High Fidelity's 3D Audio in Virtual Reality



Der blaue Alien Avatar ist übrigens ein Freebie vom HiFi Marketplace. Den habe ich mir auch geholt, weil der so schön einfach ist. Man muss sich nicht um Kleidung oder Haarfarbe kümmern.^^

Quelle: [HiFi Blog] - 3D Audio for Shared VR

Bozo Bop Bag von Caitlyn
Der zweite neue HiFi Blogpost ist von Caitlyn Meeks und wurde heute erst veröffentlicht. Sie berichtet über ein weiteres Freebie, das sie selbst als Spielzeug zum Ausprobieren erstellt hat. Es nennt sich "Bozo Bop Bag" und war in den 1950'ern in den USA ein sehr beliebter Zeitvertreib.

Das ist eine Art Boxsack, der aber nicht an einem Seil hängt, sondern auf dem Boden steht und am tiefsten Punkt ein schweres Gewicht eingebaut hat. Boxt man nun gegen den Sack, fällt er nach hinten um und richtet sich gleich wieder auf.

Das hat nun Caitlyn als HiFi Objekt, inklusive des physikalischen Verhaltens gebaut. Auf ihren Fotos vom 3D-Modell, sieht das Teil aus, wie ein reales Objekt.

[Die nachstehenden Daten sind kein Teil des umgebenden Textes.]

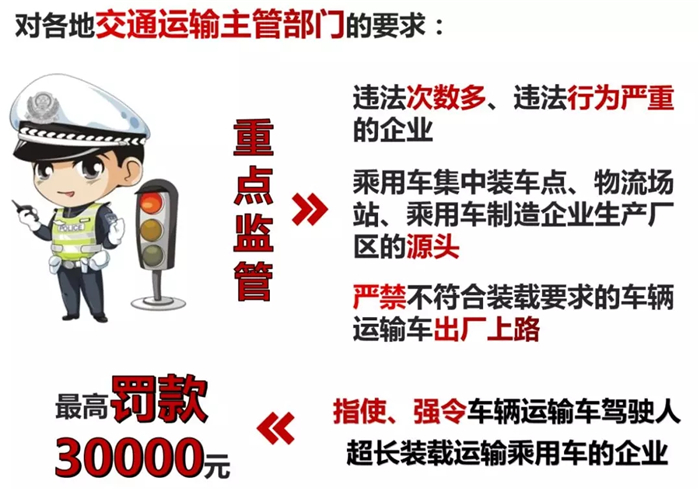 各乘用车制造企业要加强对本企业乘用车装车点的管理,使用符合国家标准要求的车辆运输车合规装载运输(示意图见附件2),并利用信息化手段,加强对乘用车在途运输管理,严禁超长装载运输;要合理制定乘用车运输合同和价格,抵制整车物流企业明显低于运输成本价格的恶意投标行为。各地交通运输主管部门要加强对本辖区整车物流企业的监督检查,督促辖区内整车物流企业合法装载运输,对违法次数多、违法行为严重的企业要进行重点监管;要强化对乘用车集中装车点、物流场站、乘用车制造企业生产厂区的源头监管,严禁不符合装载要求的车辆运输车出厂上路;对于指使、强令车辆运输车驾驶人超长装载运输乘用车的,要按照《公路安全保护条例》相关规定,依法责令改正,处三万元以下的罚款。

Vor allem, weil sie durchgehend Materialtexturen verwendet hat.

Die Physik wird über Skripte erzeugt. Dazu gibt es Boxhandschuhe mit einer Kollisionshülle für den Avatar. Ein Video, wie das in HiFi dann aussieht, hat Caitlyn leider nicht im Blog gezeigt. Aber das Freebie kann man sich hier holen und es selbst ausprobieren.